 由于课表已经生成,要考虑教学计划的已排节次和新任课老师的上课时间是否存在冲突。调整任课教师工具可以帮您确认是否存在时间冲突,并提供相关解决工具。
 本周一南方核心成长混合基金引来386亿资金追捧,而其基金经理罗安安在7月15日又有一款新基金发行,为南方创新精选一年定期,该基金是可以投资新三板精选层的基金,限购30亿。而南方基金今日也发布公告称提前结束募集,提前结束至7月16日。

---

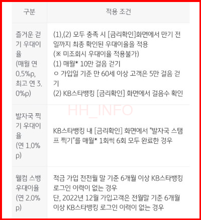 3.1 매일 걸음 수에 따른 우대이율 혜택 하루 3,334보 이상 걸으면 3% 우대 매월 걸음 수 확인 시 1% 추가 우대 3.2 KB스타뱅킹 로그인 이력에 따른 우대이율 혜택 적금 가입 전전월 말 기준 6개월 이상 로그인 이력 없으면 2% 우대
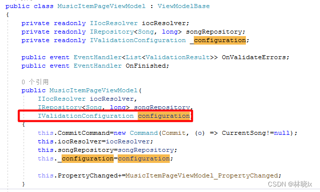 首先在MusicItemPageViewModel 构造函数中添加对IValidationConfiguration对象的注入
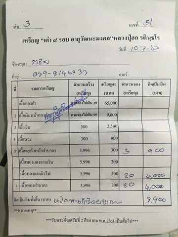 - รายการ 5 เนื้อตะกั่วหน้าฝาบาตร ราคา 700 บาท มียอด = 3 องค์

ABOUT THIS TASK: Nothing but the lines above from the line with "3.1 매일 걸음 수에" up to and including the line with "- รายการ 5 เนื้อตะกั่วหน้าฝาบาตร" should be returned, exactly as written and without pictures.

TASK RESULT:
 3.1 매일 걸음 수에 따른 우대이율 혜택 하루 3,334보 이상 걸으면 3% 우대 매월 걸음 수 확인 시 1% 추가 우대 3.2 KB스타뱅킹 로그인 이력에 따른 우대이율 혜택 적금 가입 전전월 말 기준 6개월 이상 로그인 이력 없으면 2% 우대
 首先在MusicItemPageViewModel 构造函数中添加对IValidationConfiguration对象的注入
 - รายการ 5 เนื้อตะกั่วหน้าฝาบาตร ราคา 700 บาท มียอด = 3 องค์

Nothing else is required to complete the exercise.